Dixi

Архив



Владимир ОЧЕРЕТНЫЙ

Отрывок из романа "Семь незнакомых слов"

 

Глава 1. Только у настоящих есть будущее

«Сначала человек поглощает Пространство, потом — противостоит Времени, а после — жаждет Вечности».

За год до окончания школы я узнал об этом от отца. Это было его собственное открытие — как и несколько других в подобном роде. Иногда я понимал их сразу, иногда лишь потом.

Специальностью отца была лингвистика. Он питал слабость к эффектным определениям — ёмким и убедительным как физические формулы. Ещё его привлекали ветвистые структуры языковых семейств, схемы грамматических систем и сравнительные таблицы со словами из разных языков. Слова были отцовским призванием, и иногда казалось, что со словами ему интересней, чем с людьми.

Благодаря словам у отца выработались аналитическое мышление и дотошность. В обыденности эти качества не всегда срабатывали как надо, а порой даже и мешали взаимопониманию.

— Да, коллега, я понял вашу позицию, — говорил отец однажды по телефону. — Единственное возражение: вы говорите, будто выражаете своё мнение, так? Ну вот, а я всё-таки настаиваю, что это не мнение, а позиция. Что?.. Как это «какая разница»? Это же ясно, коллега… Мнение — не что иное, как искренняя позиция, верно? Но позиция, хочу заметить, также бывает и неискренней. Когда человек сознательно говорит неправду — это тоже его позиция. Но вы ведь не станете утверждать, будто ложь может быть искренней? Искренним бывает заблуждение, а ложь — сами понимаете... Что? Просят освободить телефон? Что ж, всего доброго, коллега.

Потом отец поделился с матерью:

— Представляешь, Лариса, я практически прямым текстом сказал человеку, что он лжёт, а он меня, кажется, так и не понял!

Мама ответила — если бы с ней изъяснялись столь прямо и ясно, она тоже ничего бы не поняла.

— Я же не занимаюсь перевоспитанием, — объяснил отец. — Нравится человеку лгать — на здоровье… Но когда он ещё утверждает, что таково его мнение, это уже какая-то двойная ложь, и по сути, и по форме, не находишь?

— А-а, — отозвалась она, — тогда другое дело...

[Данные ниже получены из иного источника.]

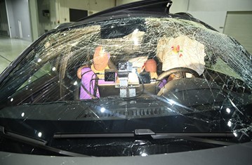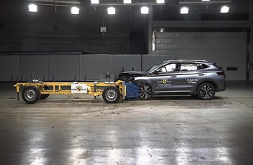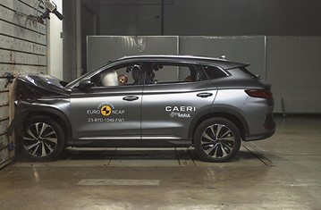 The passenger compartment of the SEAL-U remained stable in the frontal offset test. Dummy numbers showed good protection of the knees and femurs of both the driver and passenger. BYD showed that a similar level of protection would be provided to occupants of different sizes and to those sitting in different positions. Protection of the front seat passenger was good for all critical body areas. Analysis of the deceleration of the impact trolley during the test, and analysis of the deformable barrier after the test, revealed that the SEAL-U would be a moderately benign impact partner in a frontal collision. In the full-width rigid barrier test, protection of all critical body areas was good or adequate for the driver and good for all body areas of the rear passenger. In both the side barrier test and the more severe side pole impact, protection of all critical body areas was good and the SEAL-U scored maximum points in this part of the assessment. Control of excursion (the extent to which a body is thrown to the other side of the vehicle when it is hit from the far side) was adequate. The SEAL-U has a counter-measure to mitigate against occupant to occupant injuries in such impacts and this performed well in the side pole impact. Tests on the front seats and head restraints demonstrated good protection against whiplash injuries in the event of a rear-end collision. A geometric analysis of the rear seats indicated marginal whiplash protection. The SEAL-U has an advanced eCall system which alerts the emergency services in the event of a crash. The car also has a system which applies the brakes after an impact, to avoid secondary collisions. BYD demonstrated that if the car entered water the doors, if locked, could be opened within two minutes of power being lost and a hammer is provided to allow side windows to be broken to allow escape.
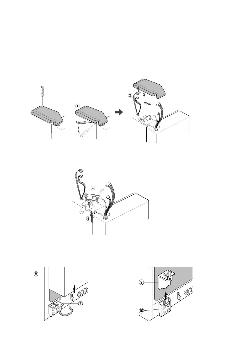 take off the upper hinge (➄) along the arrow (➅). Take care when disassembling the
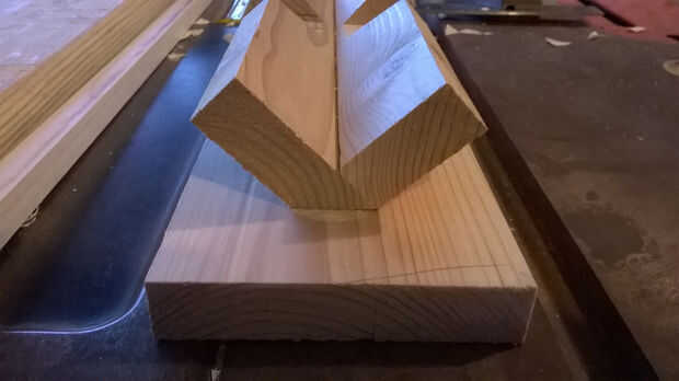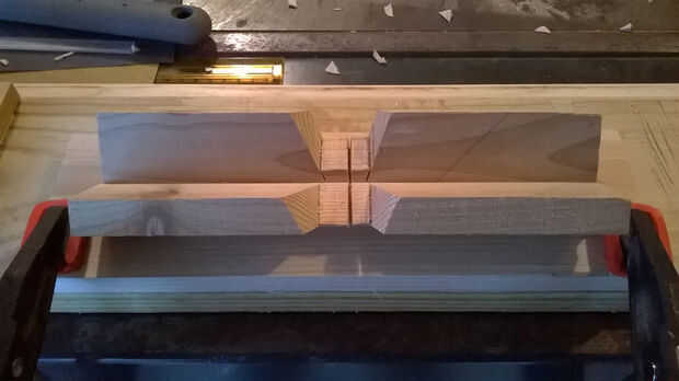 Hice esta cuna de chatarra. Como se puede ver, sólo arrancó el borde de una tabla a 45 grados y había unido a otro. Luego até esta cuna a una "base" más larga que pude pulsado con abrazaderas. Todo el conjunto es pegado y clavado juntos. Corté una sección en el medio para que mi cincel no clavan a los lados de la cuna. Estos recortes son al azar ángulos (no aprovecho esta cuna de la feria, después de todo), y corte el centro con una sierra de marquetería.
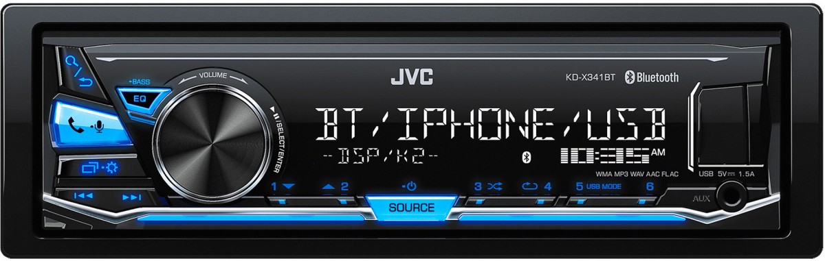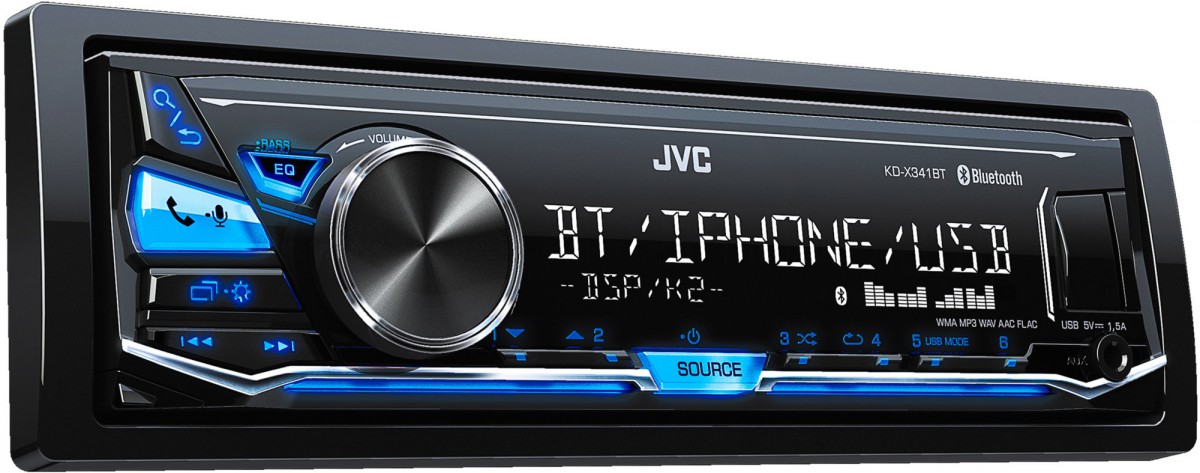 Безмеханична автомагнитола с Bluetooth JVC KD-X341BT, която предлага FM и AM тунер, преден USB вход с възможност за зареждане на смартфон (макс. 1,5 A), преден AUX вход или един чифт RCA изходи. Качественият звуков изход осигурява вграденият MOS-FET усилвател с мощност 4 x 50 W, а настройването на звука според вкуса на всеки слушател позволява параметричен 13-полосен еквалайзер с девет предварително зададени режими. Магнитолата лесно се справя с формати MP3, WMA, WAV и FLAC. Функцията Bluetooth можете да използвате за удобно сдвояване с вашия телефон с поддръжка за Android и iOS за възпроизвеждане на музика или за телефонни разговори. Магнитолата може да свърже едновременно две мобилни устройства. Двуредовият бяло подсветен текстов дисплей приятно се допълва от бутони с синя подсветка. За да не изгубите тази маркова автомагнитола, предният панел може да се извади и така да се предотврати евентуална кражба.
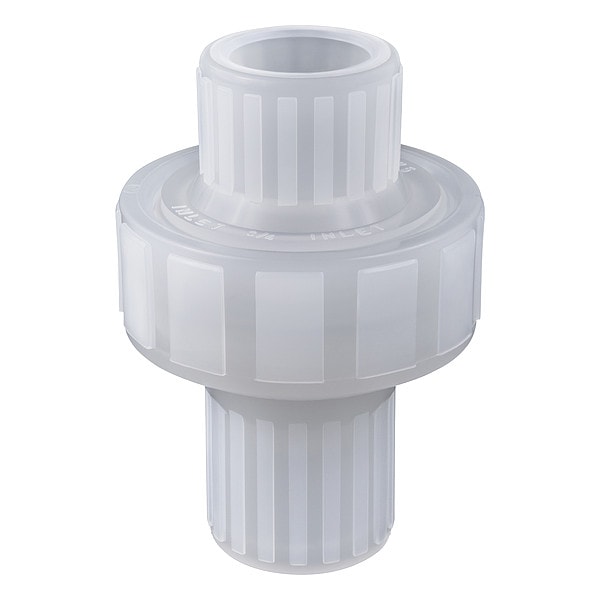 Item - Check Valves Check Valve, Flow Design Single, Mechanism and Body Design Inline Disc, Body Material - Valves Polypropylene, Pipe or Tube Size 1 in, Connection Type FNPT x Socket, Cracking Pressure 1.000 to 1.500 psi, Mounting Orientation Horizontal, Vertical, Seal Material Viton, Max. Temp. - Valves 180 Degrees F, Min. Temp. - Valves 32 Degrees F, Max. Water Pressure - Valves 100 psi @ 77 Degrees F, Max. Steam Pressure - Valves Not Rated, Seat Material Viton, Flow - Valves 12 gpm
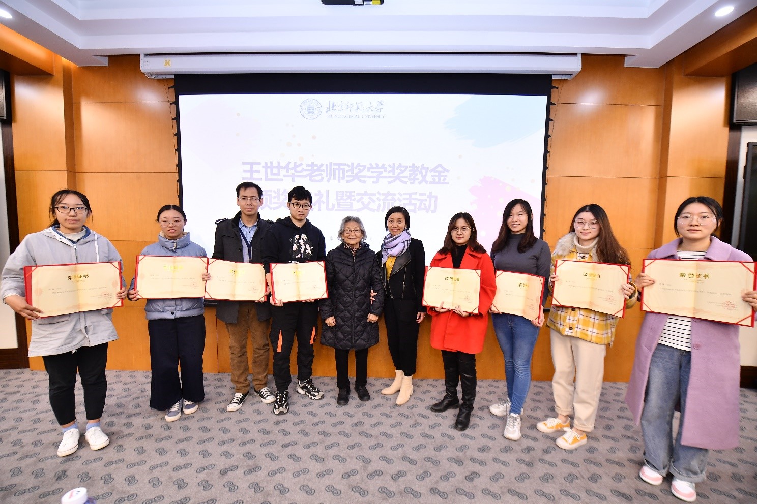 王世华先生和教育基金会副秘书长李胜兰老师共同为获奖师生颁奖,获奖学生代表贾斐代表获奖者发言,表示会牢记王老师的这份爱心,心怀感恩,锐意进取,将王世华老师的关怀和鼓励转化为强大动力,不断学习,了解新知识,掌握新技能,增长新才干,以更优异的成绩回报王老师的善举和关心,回报社会。
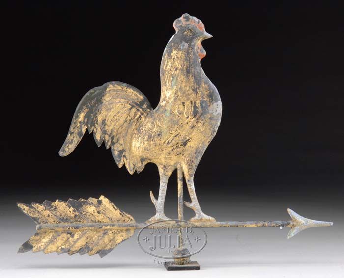 AMERICAN FULL BODIED GILDED COPPER GAME COCK WEATHERVANE. The gilded body with sheet metal tail, wattle in red paint perched on a arrow directional with zinc head and sheet metal fletching. SIZE: 15-1/2”h overall x 19-1/4”l overall. CONDITION: Very nice weathered surface with expected losses to paint and gilding. 9-90789 MD (2,000-3,000)
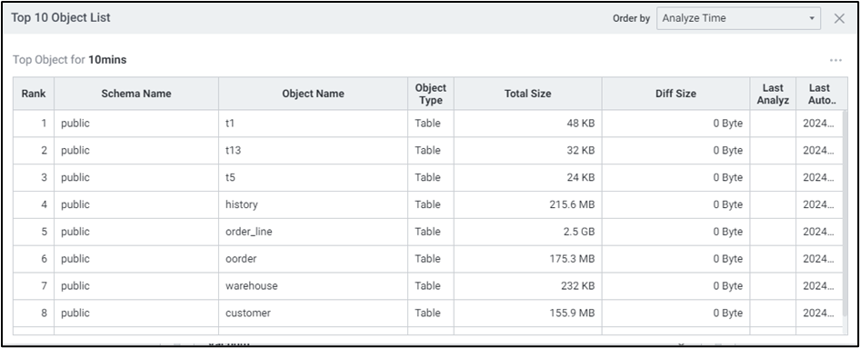 더블 클릭 시 ‘Top 10 Object List’ 팝업창으로 연계되어 분석시간이 오래된 Object 목록을 확인할 수 있습니다.
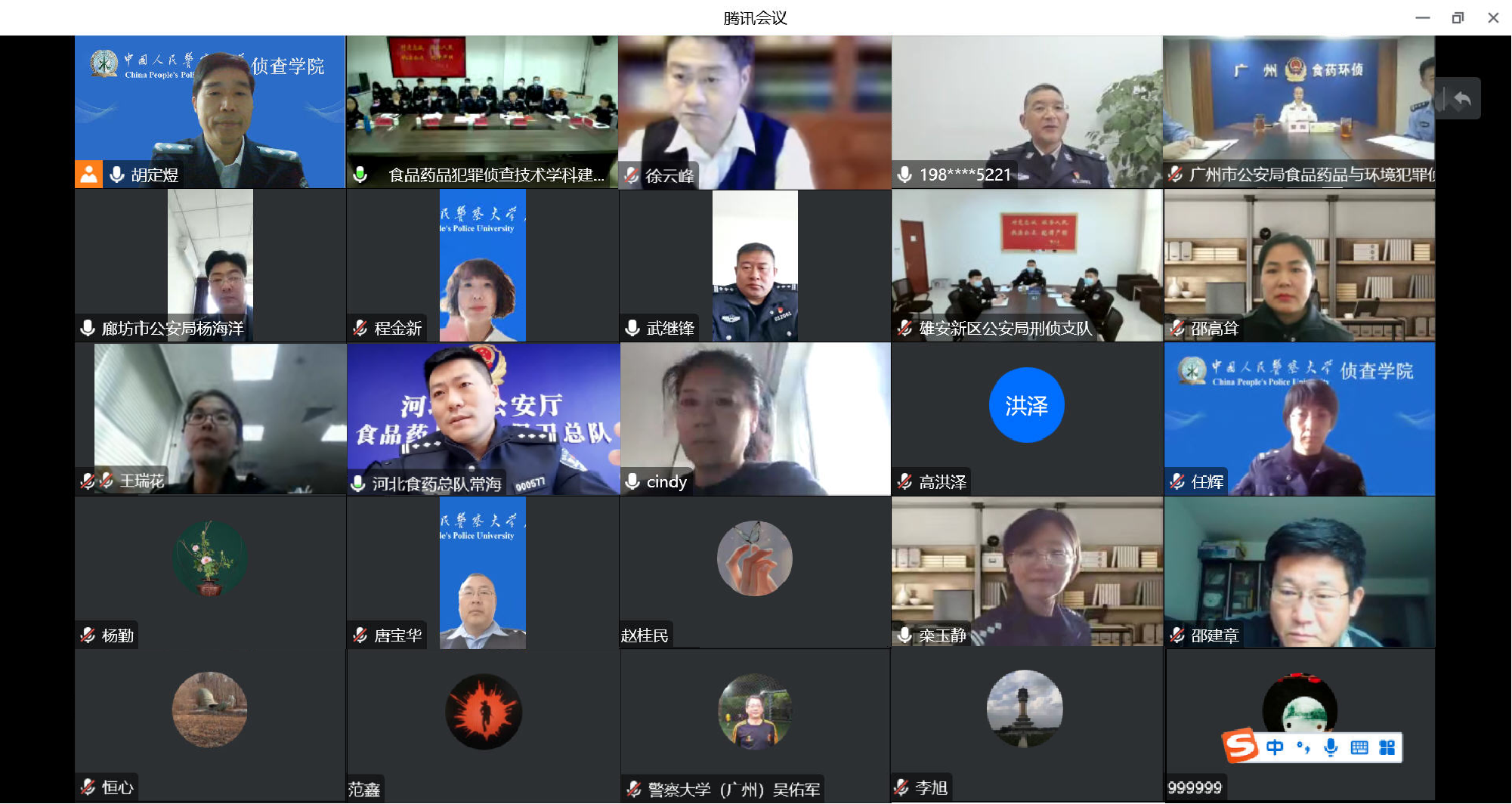 为进一步强化人才培养质量,提升学科专业建设水平,深化校局合作育人力度,11月26日,警察大学以线上线下结合方式召开了食品药品犯罪侦查技术学科建设研讨会。会议由警察大学侦查学院、警察大学食品药品犯罪侦查技术学科建设团队联合承办。来自公安部食品药品犯罪侦查局等单位的10位领导、专家,警察大学食品药品犯罪侦查技术学科建设团队教师、研究生参加了研讨会。警察大学副校长吴立志出席会议并致辞,会议由侦查学院院长徐永新主持。

От отца я узнал, что слова можно дарить — почти как предметы. Когда мне стукнуло семь, у нас завёлся обычай: каждый день рождения помимо общепринятых подношений я получал в подарок телеграмму на поздравительном бланке — вместо поздравительных фраз она содержала новые, пока ещё неизвестные мне слова. Их число соответствовало достигнутому возрасту, а потом отец объяснял их смысл.

— Разве не здорово, старик? — объяснил он на первый раз, видя моё недоумение. — Игрушки сломаются, из одежды ты вырастешь, а эти слова будут служить тебе много лет — всю жизнь!

Объяснение меня не убедило — оно было слишком взрослым. Восхищение надёжностью вещей длительного пользования мне ещё было неведомо, к тому же это были и не вещи — их нельзя было потрогать руками. А главное, новые слова можно заполучить в любой из дней, — они бесплатные.

Но я видел, что отец очень доволен своей придумкой, и ему хочется, чтобы она мне понравилась.

— Это игра такая? — на всякий случай уточнил я.

— Точно! — обрадовался отец. — Вот видишь, ты всё прекрасно понял!

После этого всё встало на свои места: это игра, мы так играем. Со временем я даже вошёл во вкус и, получая очередную порцию слов, одобрительно кивал или скептически морщился.

— Вот как? — не соглашался отец. — Тебе не нравится слово «навсклянь»? Зря, старик, зря! Замечательное слово — ты только послушай, как оно звучит: навс-клянь! Как звон колокольчика! И знаешь, что оно означает?..

Среди подаренных слов оказывались и такие, которые я уже слышал, но значения не знал или знал неправильно. В подарок они засчитывались, но их отец подчёркивал красным карандашом. Так пошло уже с первой телеграммы. К примеру, мне казалось, что атом — это то, из чего делается атомная бомба или атомная энергия. Но выяснилось, что «это, пожалуй, и так», но «не совсем так» и «в каком-то смысле ровно противоположное».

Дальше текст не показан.